Much of the research and advocacy that is critical of sheltered employment, and other therapeutic and rehabilitative programs that deny workers with intellectual disabilities from receiving at least the minimum wage, does provide alternatives to these kinds of exploitive arrangements. For example, many have advocated for supportive employment, which by definition provides individualized support in order to gain and maintain paid, socially integrated, and competitive employment. Supportive employment offers individuals with intellectual disabilities more equitable and inclusive employment opportunities, which research has overwhelmingly illustrated is the clear choice for persons with intellectual disabilities. In one study of the job satisfaction for persons with disabilities in supported employment, done with individuals who had been involved in both sheltered and supported employment, findings indicated that of those previously placed in workshops, 92.8 percent stated they preferred their supported positions to workshops. In yet another study to examine perceived differences in quality of life between individuals with disabilities in workshops and individuals with disabilities in supported employment, it was generally found that there was a positive relationship between supported employment and perceived quality of life as individuals in supported employment scored higher in areas such as self-esteem, number of leisure activities undertaken, use of leisure time, mobility, and job skill perceptions. Not only are individuals more positive about their experiences within supported employment, but research indicates supported employment is a more effective tool in job preparation than sheltered employment, evidenced by results that indicate individuals assigned to supported employment do significantly better in competitive employment than those from sheltered workshops.

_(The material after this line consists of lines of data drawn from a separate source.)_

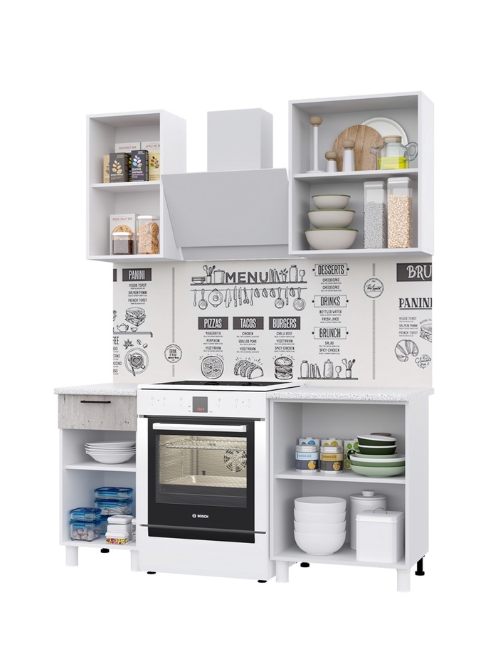 Готовое решение для создания уюта вашей кухни. Предназначен для оборудования кухонных помещений жилых квартир. Компактный лаконичный дизайн комплекта с функциональным наполнением поможет организовать хранение посуды, специй, контейнеров и прочих предметов домашнего обихода.
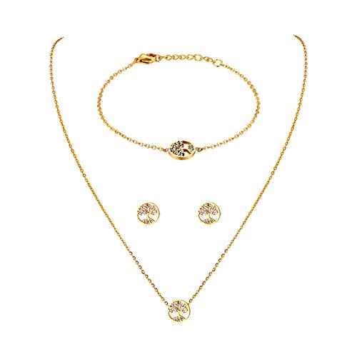 JewelryWe Kvinnor flickor smyckesset, mode livets träd hänge lås berlock rostfritt stål halsband armband och örhängen set
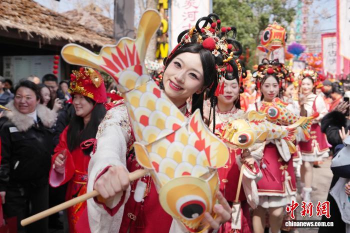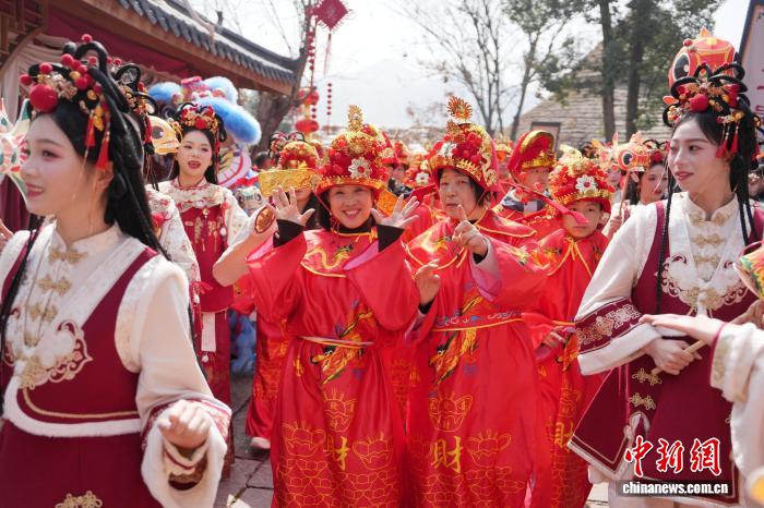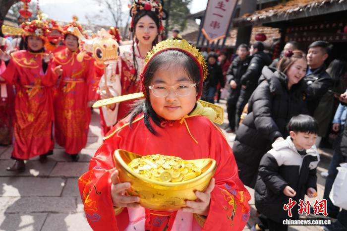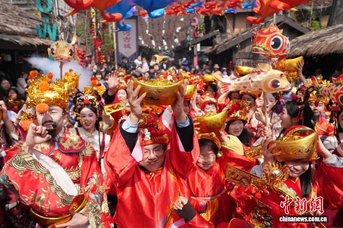 2月21日,大年初五,湖南长沙宁乡炭河古城招募100名周边村民与游客化身NPC“财神”,参与巡游表演,为现场游客送福送喜,让大家在沉浸式互动中体验新春乐趣。
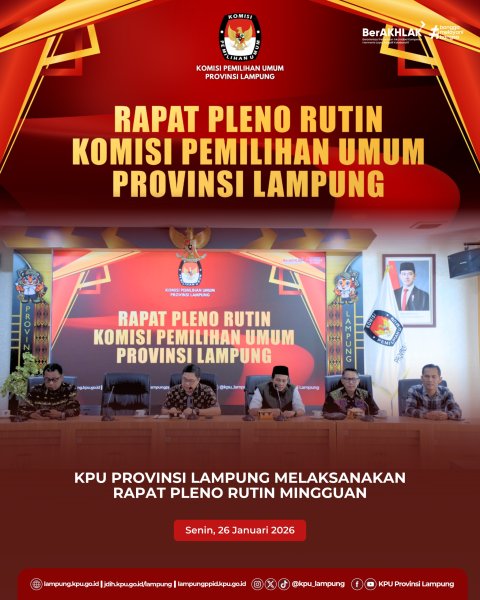 #temanpemilih, (Senin, 26 Januari 2026) KPU Provinsi Lampung melaksanakan Rapat Pleno Rutin Mingguan bertempat di Aula Kantor KPU Provinsi Lampung. Rapat Pleno dikuti Ketua KPU Provinsi Lampung Erwan Bustami, Anggota KPU Provinsi Lampung Ahmad Zamroni, Hermansyah, Angga Lazuardy dan Dedi Fernando serta Febri indra Kurniawan, Ervhan Jaya, yang mengikuti secara daring, kemudian Kabag, Pejabat Fungsional, dan Kasubbag di Lingkungan KPU Provinsi Lampung. Dalam rapat pleno dibahas antara lain Tindak Lanjut Instruksi Gubernur Lampung nomor 4 tahun 2025, menjaga kearifan lokal dengan program Kamis Beradab untuk menggunakan bahasa daerah dan batik daerah Lampung dalam aktifitas perkantoran. #KPULAMPUNG #KPUMELAYANI ....
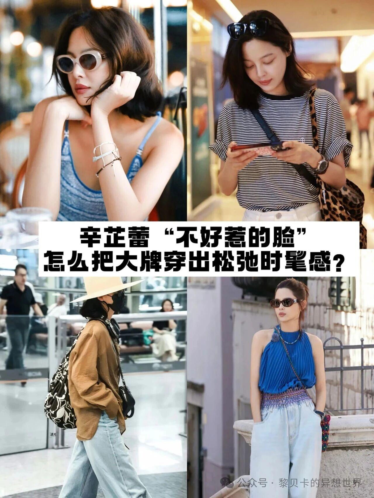 比如57岁的那英,用一条丝巾就搭出好几身出游look,大家说她是“被歌声耽误的时尚主编”;37岁“美回巅峰”的马思纯,用舒适度高的运动单品,混搭文艺风,穿出不一样的度假氛围。
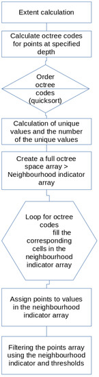 Our objective was that the novel algorithm has to meet two requirements: having similar parameterization and output as the ROL filter has and not having a procedure that causes exponentially growing computations with the increasing number of points. The algorithm was developed with speed and memory efficiency in mind to handle extra large point clouds. One crucial goal is to avoid using floating-point arithmetic since it is much slower for all processor types than the using integer arithmetic, and linear time complexity should be pursued. The new algorithm uses an octree since the time required to build the octree is . When computing the filter, we can determine all the necessary indicators in one step, so the time required for filtering is .
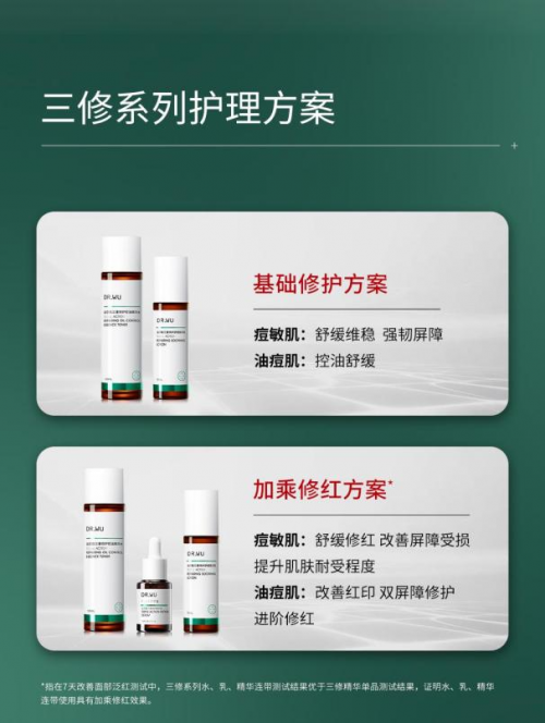 對于痘肌人群而言,解決痘痘以及淡化痘后紅印至關(guān)重要,與此同時,維持痘肌的長期穩(wěn)定狀態(tài)也刻不容緩。DR.WU達爾膚三修水乳很好地回應(yīng)了這一需求,為痘肌人群提供了更舒緩的換季肌膚屏障修護方案。
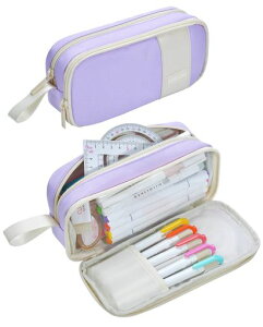 鉛筆も消しゴムも文具もまとめてコンパクトに収容できるツールペンケース。 ダブルファスナーでユーザーの習慣に基づいて開閉可能で、子供でも開きやすいです。 2段式棚デザインで文具などのツールを簡易分類できます。上部を折り返す
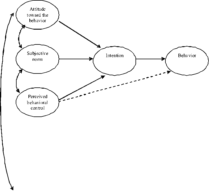 Peramalan perilaku berdasarkan theory of planned behavior, Ajzen (2006) menyatakan bahwa sikap yang mengarah pada perilaku memperlihatkan tingkatan ketika seseorang mengevaluasi perilaku tertentu apakah hal tersebut dianggap baik atau buruk, norma subyektif adalah faktor sosial yang memperlihatkan tekanan sosial yang dirasakan untuk melakukan ataupun tidak melakukan suatu tindakan/ perilaku, sedangkan kontrol perilaku yang dirasakan yaitu variabel yang menggambarkan tingkatan sulit atau mudahnya melakukan suatu tindakan yang dianggap sebagai cerminan pengalaman sebelumnya. Lebih lanjut dikatakan bahwa tindakan seseorang dikendalikan oleh tiga hal yaitu keyakinan tentang kemungkinan keluaran dari perilaku dan evaluasi terhadap keluaran tersebut (behavioral beliefs), keyakinan tentang harapan normatif orang lain dan motivasi untuk memenuhi harapan tersebut (normative beliefs), dan keyakinan tentang adanya faktor yang mungkin memfasilitasi atau menghalangi kinerja perilaku dan kekuatan yang dirasakan dari faktor-faktor tersebut (control beliefs).
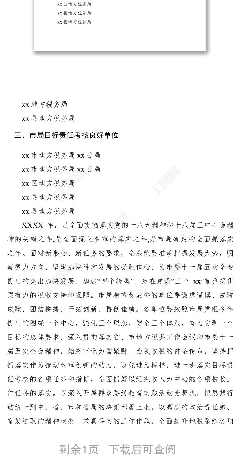 工圖網(wǎng)提供2021xx市地方稅務(wù)局關(guān)于XXXX年度目標(biāo)責(zé)任考核結(jié)果的通報 供會員免費(fèi)下載。更多精彩黨課PPT素材,盡在工圖網(wǎng)。
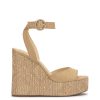 Step into effortless summer style with these elegant wedge sandals. Featuring a smooth leather upper and an adjustable ankle strap with a gold braided buckle, these shoes provide both comfort and sophistication. The woven raffia-style platform and wedge heel add a touch of natural charm, making them perfect for casual outings or dressier occasions. With their timeless design and versatile look, these wedges are a must-have addition to your warm-weather wardrobe.

Outside of questions around the rights of persons with intellectual disabilities to be protected from exploitive labor practices, these facts call into question the relevance of sheltered workshops with respect to their usefulness in training or rehabilitation. Given the evidence that supported employment is more equitable and beneficial to persons with intellectual disabilities, it is clear that there are alternatives to sheltered work which are more in line with the kinds of inclusive policies disability services should, in theory, actively promote. The task at hand is for individuals and advocates to insist that the primary goal of disability services is to serve the needs of persons with disabilities rather than the needs of outside contractors or program administrators. Indeed, it is unacceptable that disability services exist in which nondisabled parties are profiting at the expense of persons with intellectual disabilities.